**Supplied records:**
※

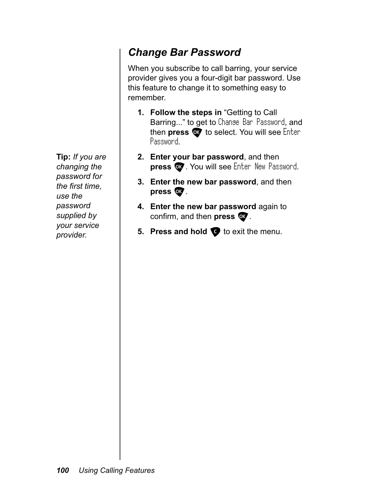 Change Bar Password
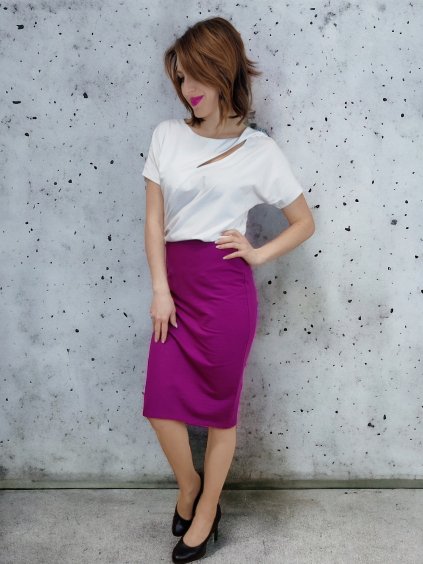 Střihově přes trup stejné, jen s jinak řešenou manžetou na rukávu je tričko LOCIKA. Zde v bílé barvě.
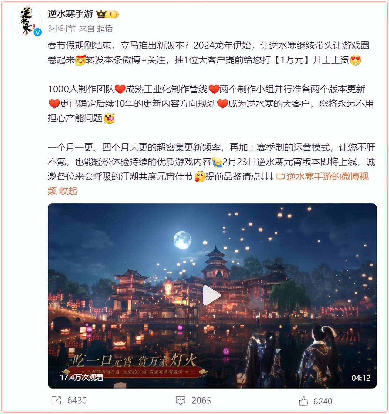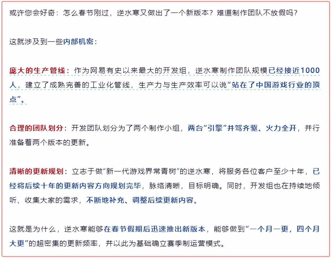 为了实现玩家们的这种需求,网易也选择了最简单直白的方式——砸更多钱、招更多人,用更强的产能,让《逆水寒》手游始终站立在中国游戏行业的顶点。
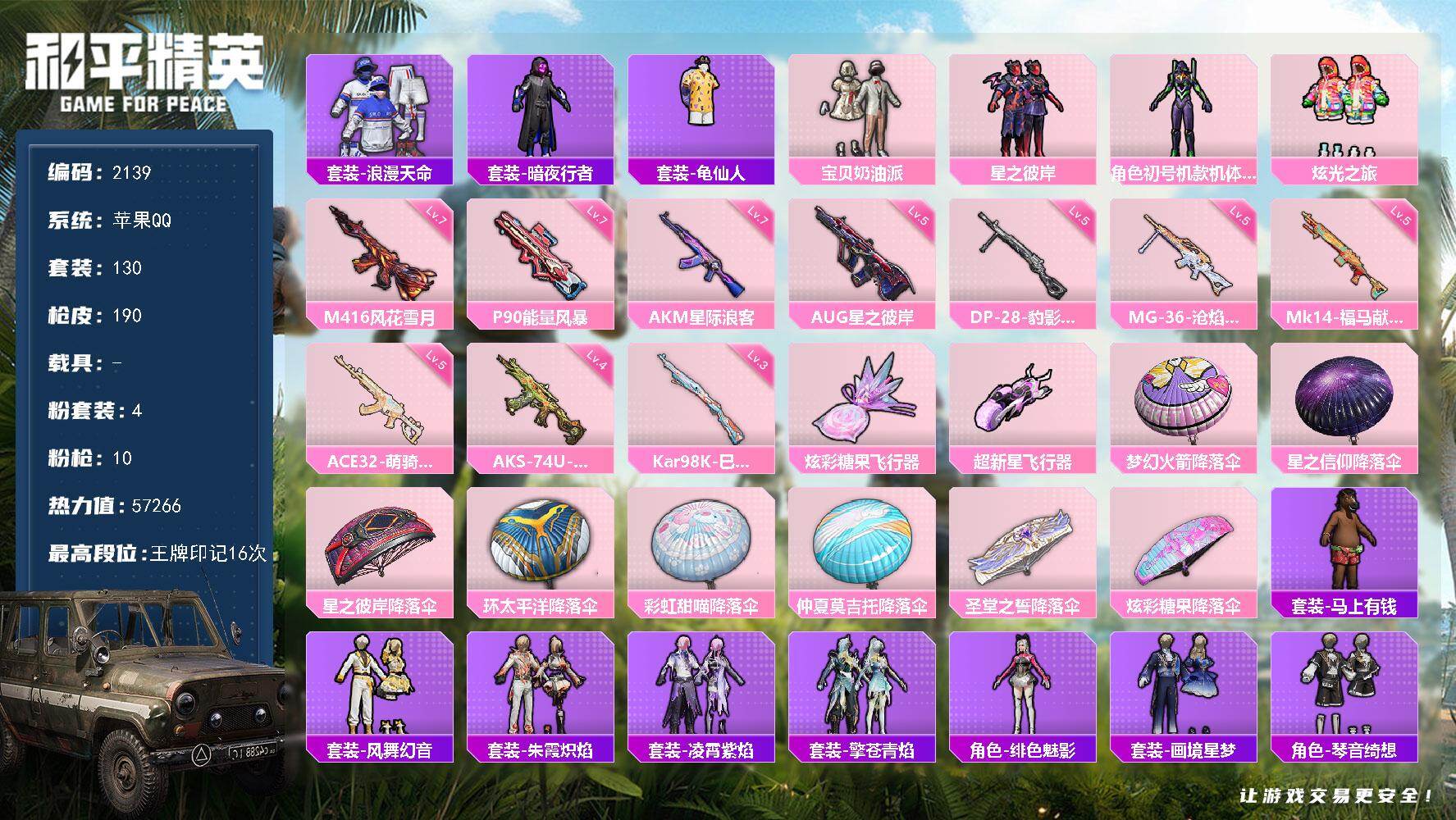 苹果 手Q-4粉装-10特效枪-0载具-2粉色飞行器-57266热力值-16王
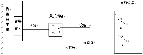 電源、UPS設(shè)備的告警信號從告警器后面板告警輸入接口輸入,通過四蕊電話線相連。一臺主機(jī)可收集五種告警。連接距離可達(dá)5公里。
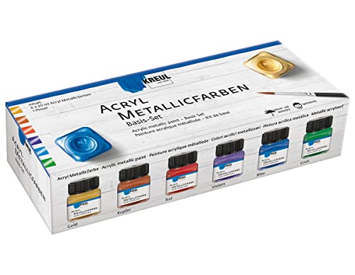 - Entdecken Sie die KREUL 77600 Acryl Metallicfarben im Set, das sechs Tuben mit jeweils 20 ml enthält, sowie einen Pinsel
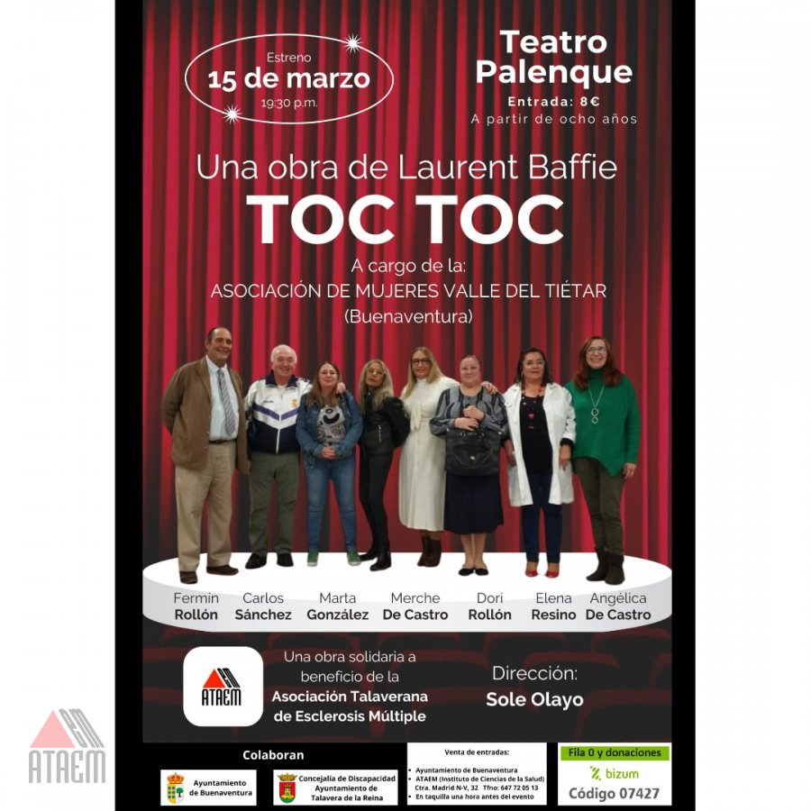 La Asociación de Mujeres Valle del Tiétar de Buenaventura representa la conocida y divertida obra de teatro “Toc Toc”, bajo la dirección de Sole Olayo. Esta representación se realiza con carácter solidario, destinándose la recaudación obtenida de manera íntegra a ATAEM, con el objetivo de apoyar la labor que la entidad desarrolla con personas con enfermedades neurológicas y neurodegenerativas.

※

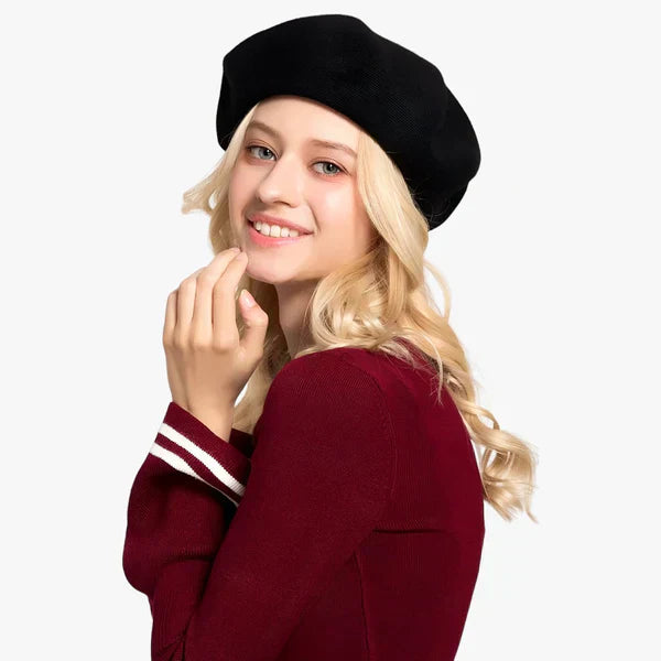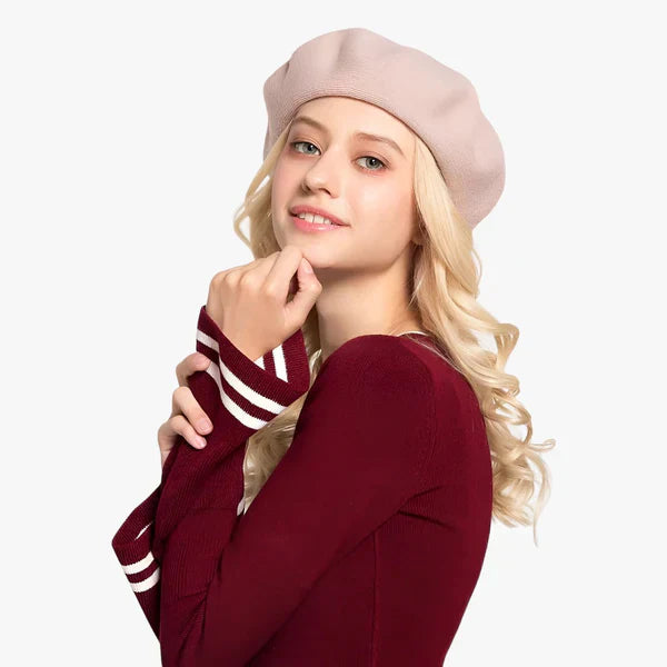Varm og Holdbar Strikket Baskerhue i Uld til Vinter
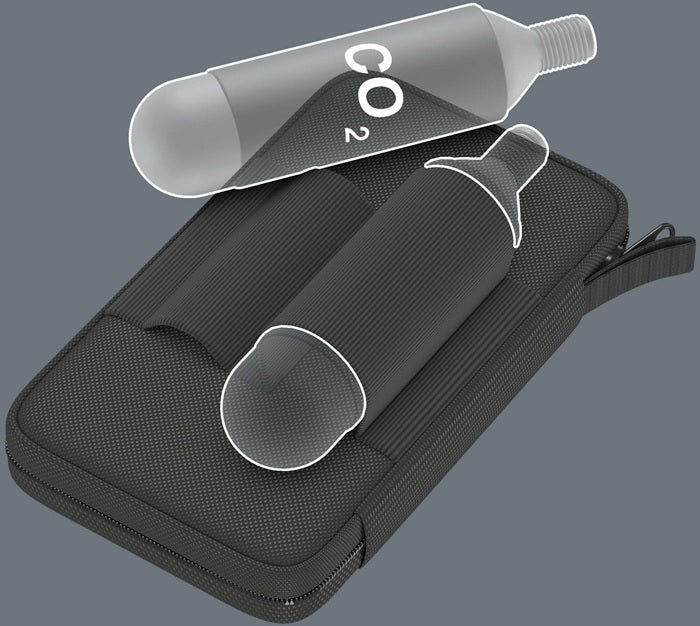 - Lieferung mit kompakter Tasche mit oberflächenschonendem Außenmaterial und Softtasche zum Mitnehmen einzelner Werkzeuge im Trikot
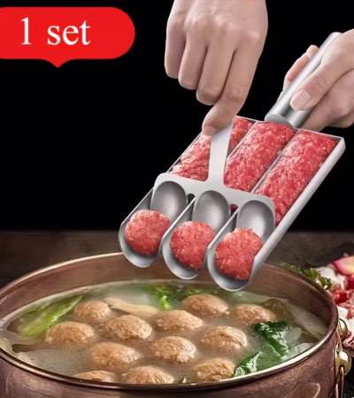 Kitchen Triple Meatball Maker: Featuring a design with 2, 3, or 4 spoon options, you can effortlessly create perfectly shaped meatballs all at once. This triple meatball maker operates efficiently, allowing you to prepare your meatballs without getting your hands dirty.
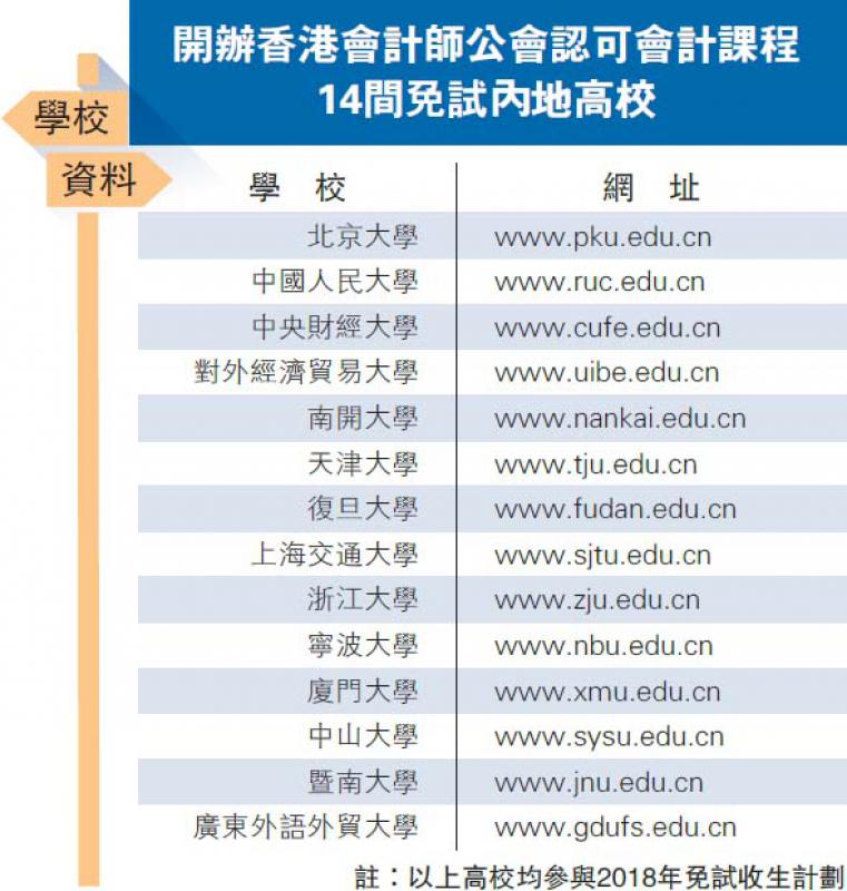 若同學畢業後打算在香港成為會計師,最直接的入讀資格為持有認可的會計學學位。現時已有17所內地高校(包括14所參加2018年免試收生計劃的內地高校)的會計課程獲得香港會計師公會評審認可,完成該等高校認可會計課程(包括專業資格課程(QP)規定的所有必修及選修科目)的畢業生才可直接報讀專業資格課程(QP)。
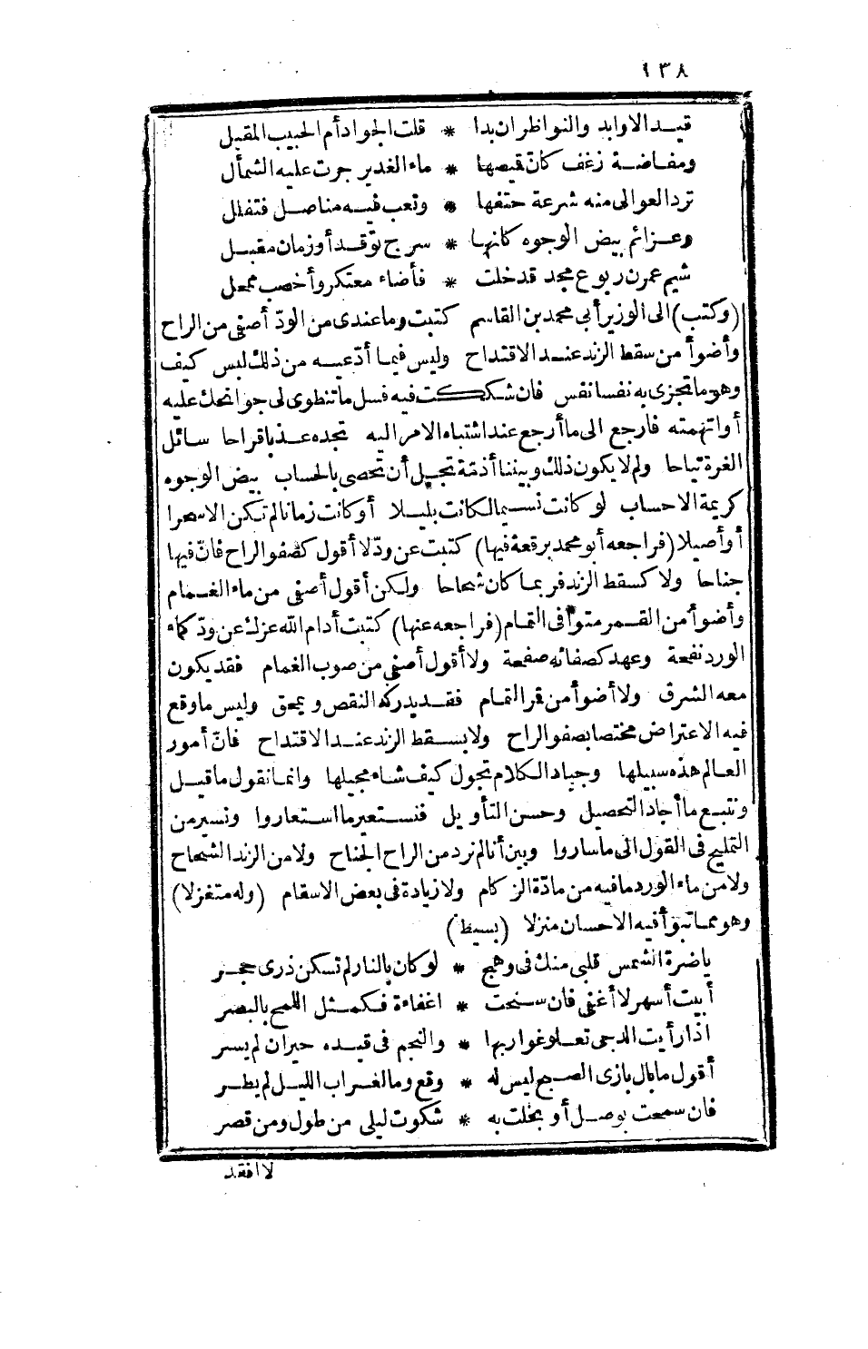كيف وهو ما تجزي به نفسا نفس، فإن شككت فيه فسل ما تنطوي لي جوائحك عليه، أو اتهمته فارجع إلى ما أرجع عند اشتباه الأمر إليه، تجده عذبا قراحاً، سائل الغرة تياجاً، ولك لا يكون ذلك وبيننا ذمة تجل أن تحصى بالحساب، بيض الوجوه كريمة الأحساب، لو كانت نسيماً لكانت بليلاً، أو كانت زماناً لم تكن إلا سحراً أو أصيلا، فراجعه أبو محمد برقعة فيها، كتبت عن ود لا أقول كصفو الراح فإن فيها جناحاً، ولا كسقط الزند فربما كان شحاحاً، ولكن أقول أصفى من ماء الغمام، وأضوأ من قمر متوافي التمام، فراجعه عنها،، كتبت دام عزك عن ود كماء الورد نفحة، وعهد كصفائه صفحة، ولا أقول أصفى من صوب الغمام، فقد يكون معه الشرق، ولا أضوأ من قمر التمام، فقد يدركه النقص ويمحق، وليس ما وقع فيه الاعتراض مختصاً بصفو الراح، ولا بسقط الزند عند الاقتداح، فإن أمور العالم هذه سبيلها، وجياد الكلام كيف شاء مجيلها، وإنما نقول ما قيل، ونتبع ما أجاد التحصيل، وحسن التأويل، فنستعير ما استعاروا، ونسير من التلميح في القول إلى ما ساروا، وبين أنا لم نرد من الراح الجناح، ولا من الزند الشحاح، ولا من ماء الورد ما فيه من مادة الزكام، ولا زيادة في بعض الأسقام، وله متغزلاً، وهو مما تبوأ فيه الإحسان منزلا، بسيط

※

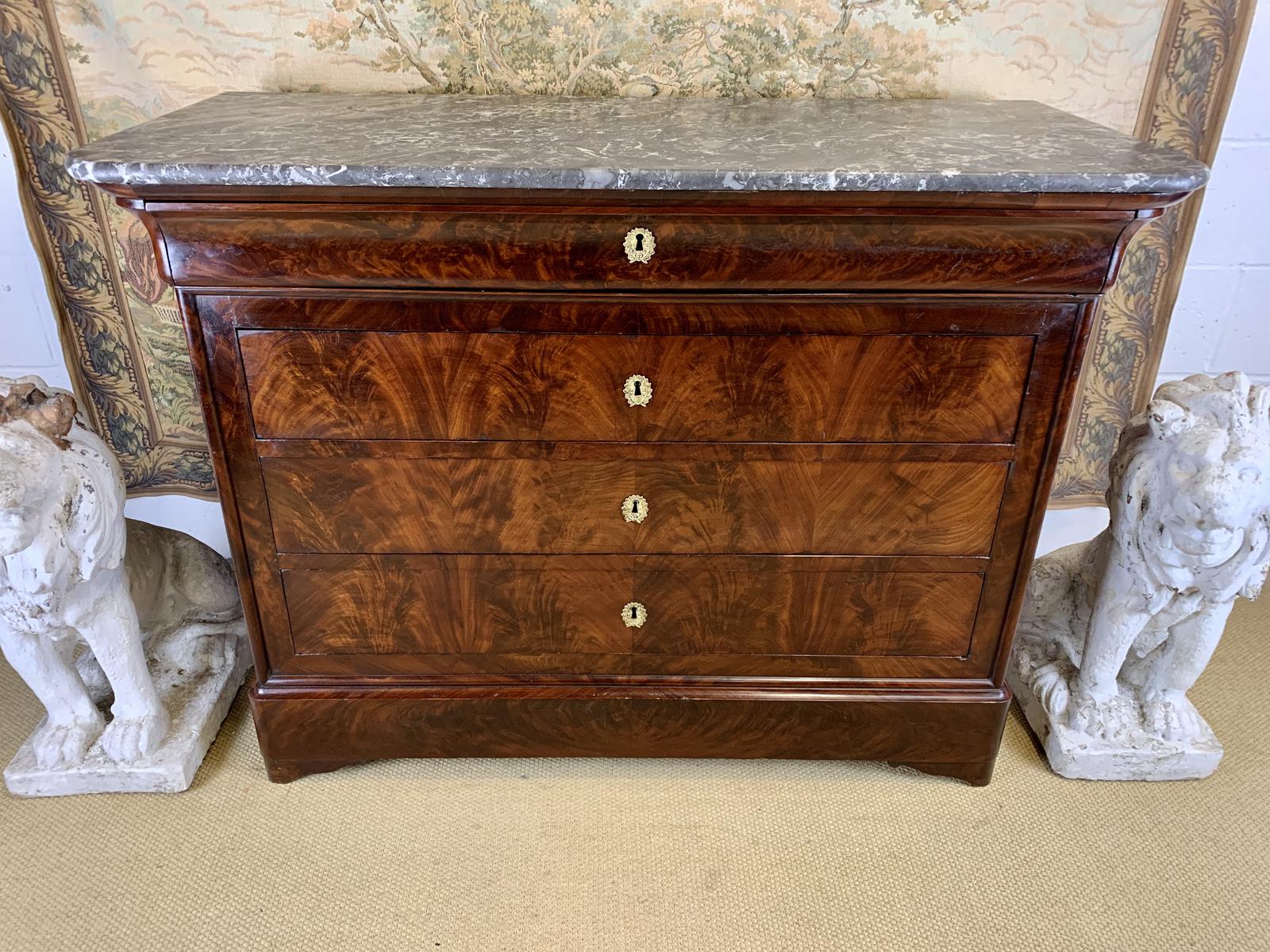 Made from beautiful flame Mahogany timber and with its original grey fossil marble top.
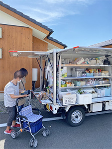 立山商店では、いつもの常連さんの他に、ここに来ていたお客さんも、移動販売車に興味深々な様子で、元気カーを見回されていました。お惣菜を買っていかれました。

※

**Required action:** Nothing except the lines from the one containing "- Lieferung mit" through the one containing "كيف وهو ما تجزي" should appear in the answer, exactly as above and without pictures.

**Answer:**
 - Lieferung mit kompakter Tasche mit oberflächenschonendem Außenmaterial und Softtasche zum Mitnehmen einzelner Werkzeuge im Trikot
 Kitchen Triple Meatball Maker: Featuring a design with 2, 3, or 4 spoon options, you can effortlessly create perfectly shaped meatballs all at once. This triple meatball maker operates efficiently, allowing you to prepare your meatballs without getting your hands dirty.
 若同學畢業後打算在香港成為會計師,最直接的入讀資格為持有認可的會計學學位。現時已有17所內地高校(包括14所參加2018年免試收生計劃的內地高校)的會計課程獲得香港會計師公會評審認可,完成該等高校認可會計課程(包括專業資格課程(QP)規定的所有必修及選修科目)的畢業生才可直接報讀專業資格課程(QP)。
كيف وهو ما تجزي به نفسا نفس، فإن شككت فيه فسل ما تنطوي لي جوائحك عليه، أو اتهمته فارجع إلى ما أرجع عند اشتباه الأمر إليه، تجده عذبا قراحاً، سائل الغرة تياجاً، ولك لا يكون ذلك وبيننا ذمة تجل أن تحصى بالحساب، بيض الوجوه كريمة الأحساب، لو كانت نسيماً لكانت بليلاً، أو كانت زماناً لم تكن إلا سحراً أو أصيلا، فراجعه أبو محمد برقعة فيها، كتبت عن ود لا أقول كصفو الراح فإن فيها جناحاً، ولا كسقط الزند فربما كان شحاحاً، ولكن أقول أصفى من ماء الغمام، وأضوأ من قمر متوافي التمام، فراجعه عنها،، كتبت دام عزك عن ود كماء الورد نفحة، وعهد كصفائه صفحة، ولا أقول أصفى من صوب الغمام، فقد يكون معه الشرق، ولا أضوأ من قمر التمام، فقد يدركه النقص ويمحق، وليس ما وقع فيه الاعتراض مختصاً بصفو الراح، ولا بسقط الزند عند الاقتداح، فإن أمور العالم هذه سبيلها، وجياد الكلام كيف شاء مجيلها، وإنما نقول ما قيل، ونتبع ما أجاد التحصيل، وحسن التأويل، فنستعير ما استعاروا، ونسير من التلميح في القول إلى ما ساروا، وبين أنا لم نرد من الراح الجناح، ولا من الزند الشحاح، ولا من ماء الورد ما فيه من مادة الزكام، ولا زيادة في بعض الأسقام، وله متغزلاً، وهو مما تبوأ فيه الإحسان منزلا، بسيط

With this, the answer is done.